EXERCISE: Among the entries below, only the lines from the one with "入園後,大家可領取一份遊園地" through the one with "4x stagemaker handtakel" are to be retyped, exactly and without pictures.

SUPPLIED MATERIAL:
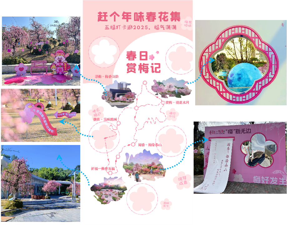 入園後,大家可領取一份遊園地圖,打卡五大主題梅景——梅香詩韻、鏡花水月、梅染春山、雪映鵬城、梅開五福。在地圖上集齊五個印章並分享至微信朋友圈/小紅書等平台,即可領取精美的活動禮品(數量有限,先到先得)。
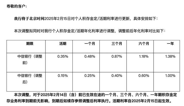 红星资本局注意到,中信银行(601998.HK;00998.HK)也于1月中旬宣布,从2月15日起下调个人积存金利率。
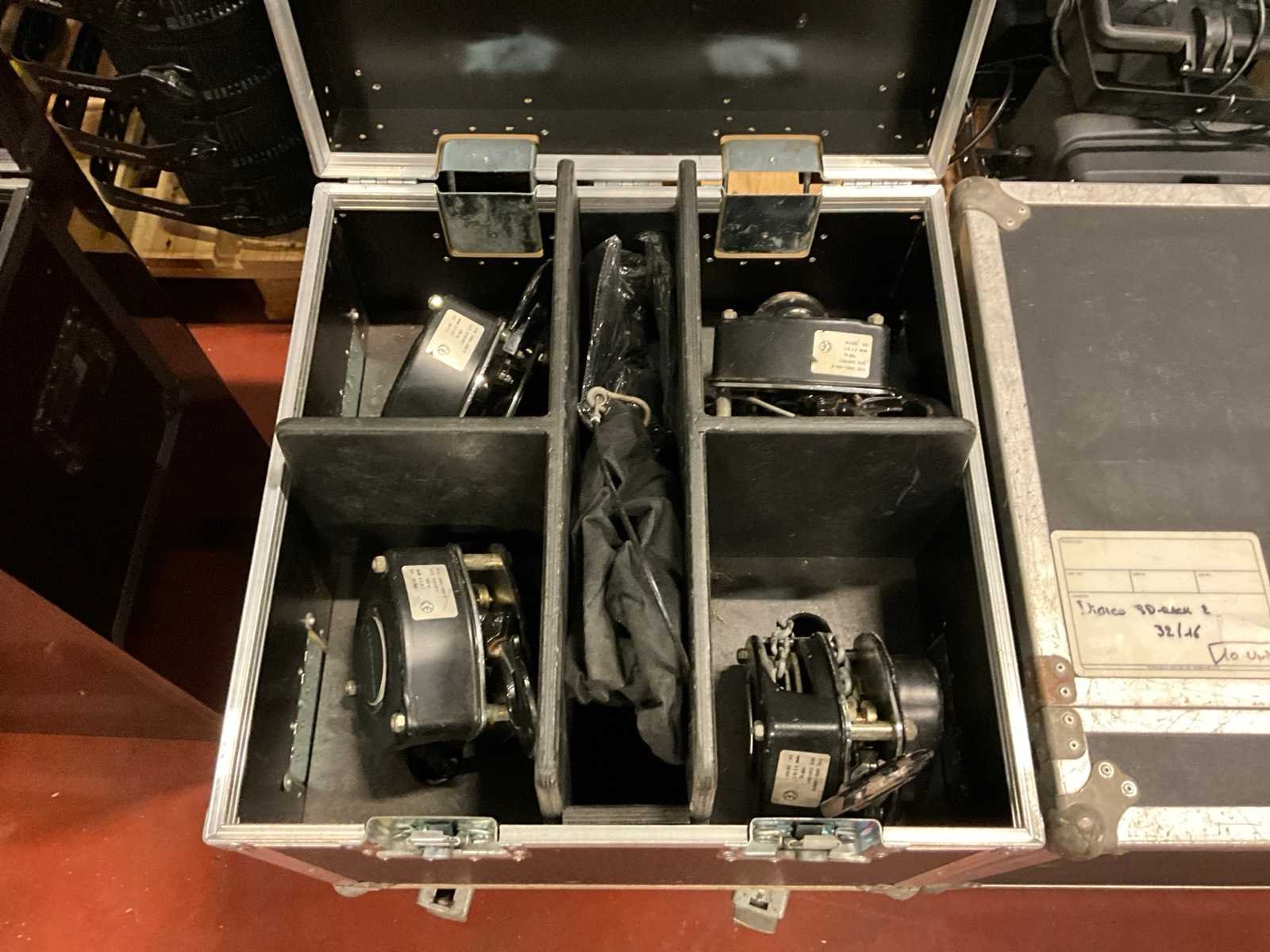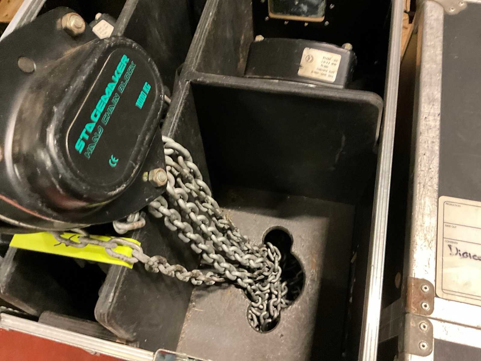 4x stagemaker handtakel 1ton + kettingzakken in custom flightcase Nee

--

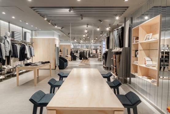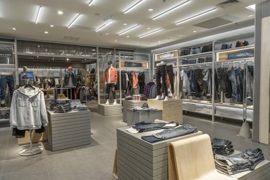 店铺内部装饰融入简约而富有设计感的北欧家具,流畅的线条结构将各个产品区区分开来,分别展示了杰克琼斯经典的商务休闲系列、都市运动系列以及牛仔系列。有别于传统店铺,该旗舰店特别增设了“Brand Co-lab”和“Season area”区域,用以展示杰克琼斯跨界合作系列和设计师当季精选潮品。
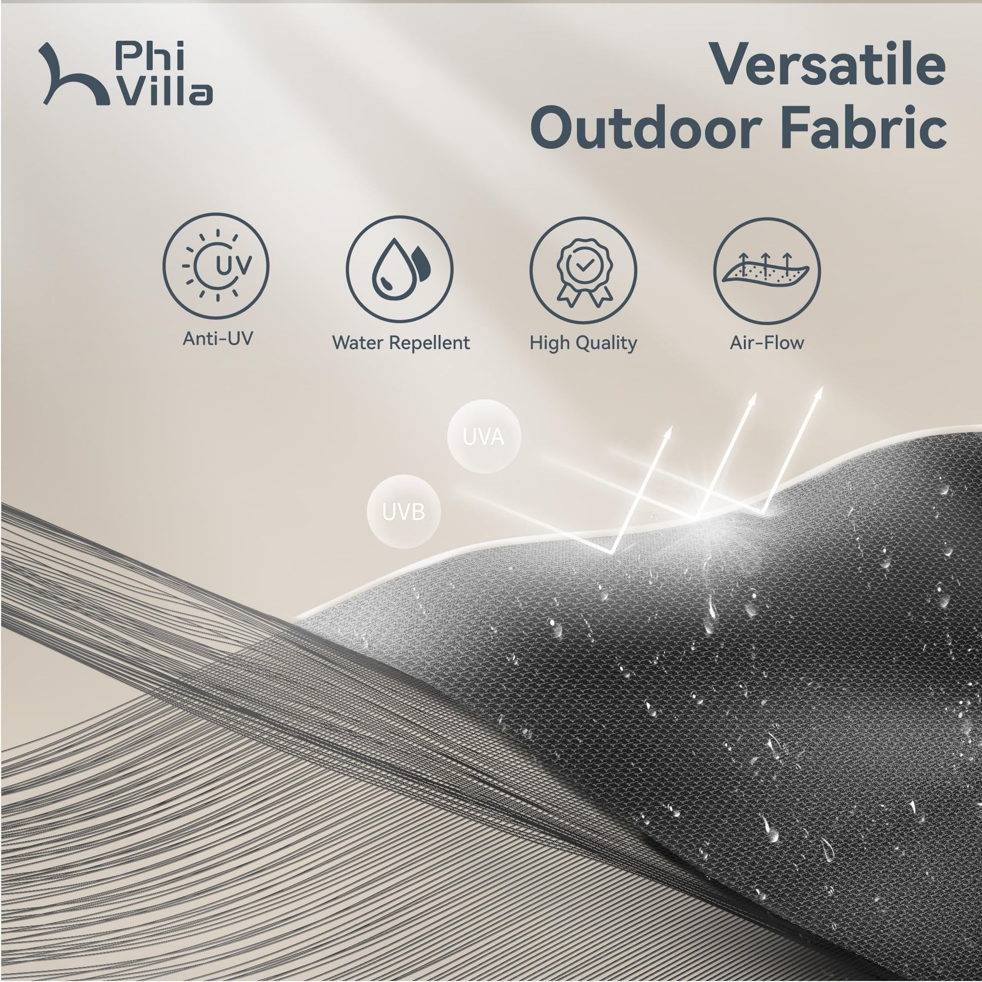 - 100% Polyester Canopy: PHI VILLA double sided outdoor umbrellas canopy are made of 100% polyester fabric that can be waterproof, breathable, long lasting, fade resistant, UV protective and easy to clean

--

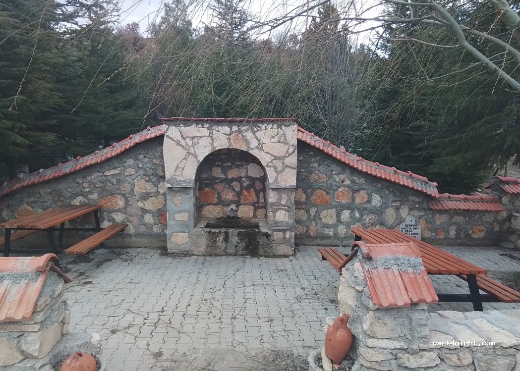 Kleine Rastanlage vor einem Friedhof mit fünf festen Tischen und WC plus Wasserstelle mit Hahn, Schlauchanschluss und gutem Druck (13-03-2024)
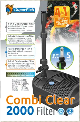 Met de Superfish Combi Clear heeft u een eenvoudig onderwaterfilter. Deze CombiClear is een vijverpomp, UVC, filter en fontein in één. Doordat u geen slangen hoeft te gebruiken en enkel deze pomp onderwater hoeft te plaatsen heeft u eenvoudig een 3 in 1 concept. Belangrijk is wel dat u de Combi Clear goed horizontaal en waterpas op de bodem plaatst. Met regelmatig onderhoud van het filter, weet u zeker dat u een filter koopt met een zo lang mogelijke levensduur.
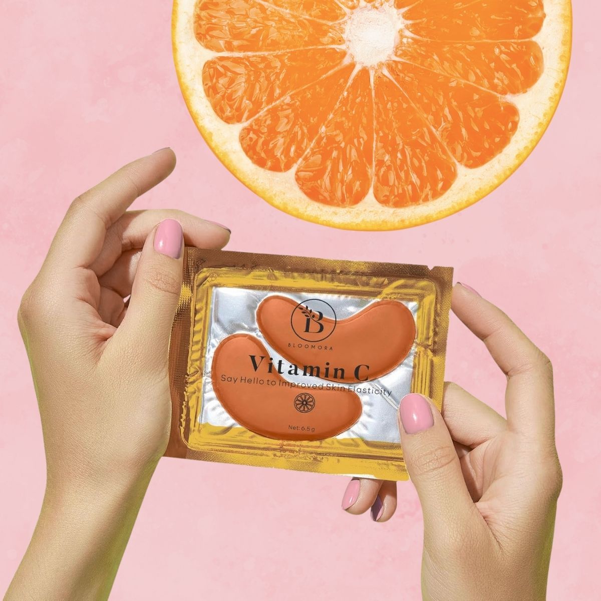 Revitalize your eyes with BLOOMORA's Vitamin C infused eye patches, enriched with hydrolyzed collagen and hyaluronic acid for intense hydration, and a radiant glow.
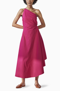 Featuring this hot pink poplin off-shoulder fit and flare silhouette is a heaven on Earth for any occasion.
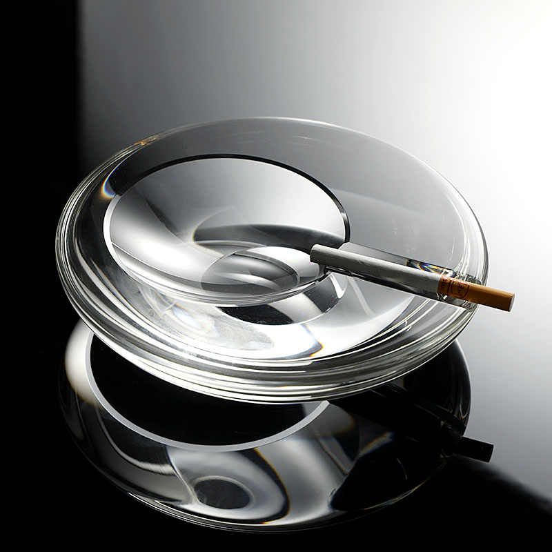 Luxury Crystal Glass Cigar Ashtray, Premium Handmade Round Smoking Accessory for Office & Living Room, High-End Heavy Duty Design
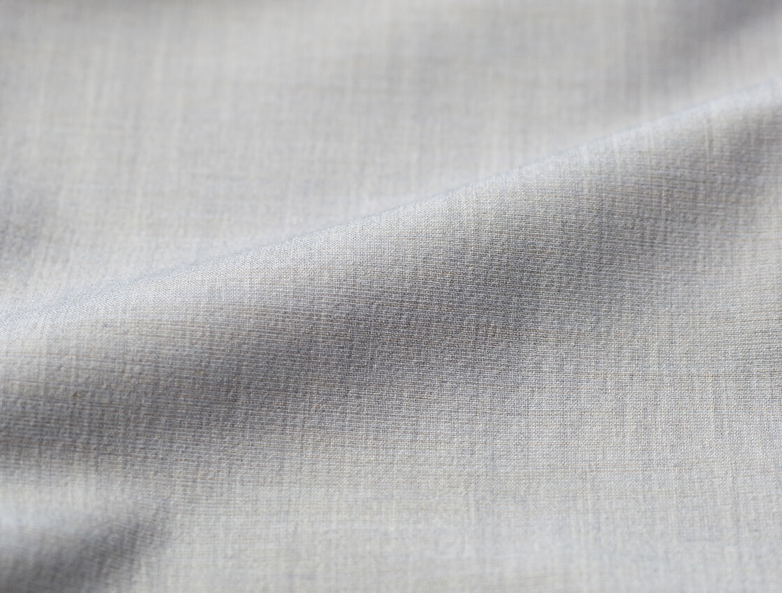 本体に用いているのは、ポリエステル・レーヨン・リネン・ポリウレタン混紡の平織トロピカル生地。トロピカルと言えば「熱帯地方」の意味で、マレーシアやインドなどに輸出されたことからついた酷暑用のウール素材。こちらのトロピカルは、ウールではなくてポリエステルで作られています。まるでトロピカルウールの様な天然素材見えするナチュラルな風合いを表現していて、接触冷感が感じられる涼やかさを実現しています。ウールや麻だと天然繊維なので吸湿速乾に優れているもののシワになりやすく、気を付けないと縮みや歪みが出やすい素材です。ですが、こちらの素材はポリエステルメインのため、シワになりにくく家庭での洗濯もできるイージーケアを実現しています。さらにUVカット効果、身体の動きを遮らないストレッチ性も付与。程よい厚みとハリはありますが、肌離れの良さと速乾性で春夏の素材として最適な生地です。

TASK RESPONSE:
 入園後,大家可領取一份遊園地圖,打卡五大主題梅景——梅香詩韻、鏡花水月、梅染春山、雪映鵬城、梅開五福。在地圖上集齊五個印章並分享至微信朋友圈/小紅書等平台,即可領取精美的活動禮品(數量有限,先到先得)。
 红星资本局注意到,中信银行(601998.HK;00998.HK)也于1月中旬宣布,从2月15日起下调个人积存金利率。
 4x stagemaker handtakel 1ton + kettingzakken in custom flightcase Nee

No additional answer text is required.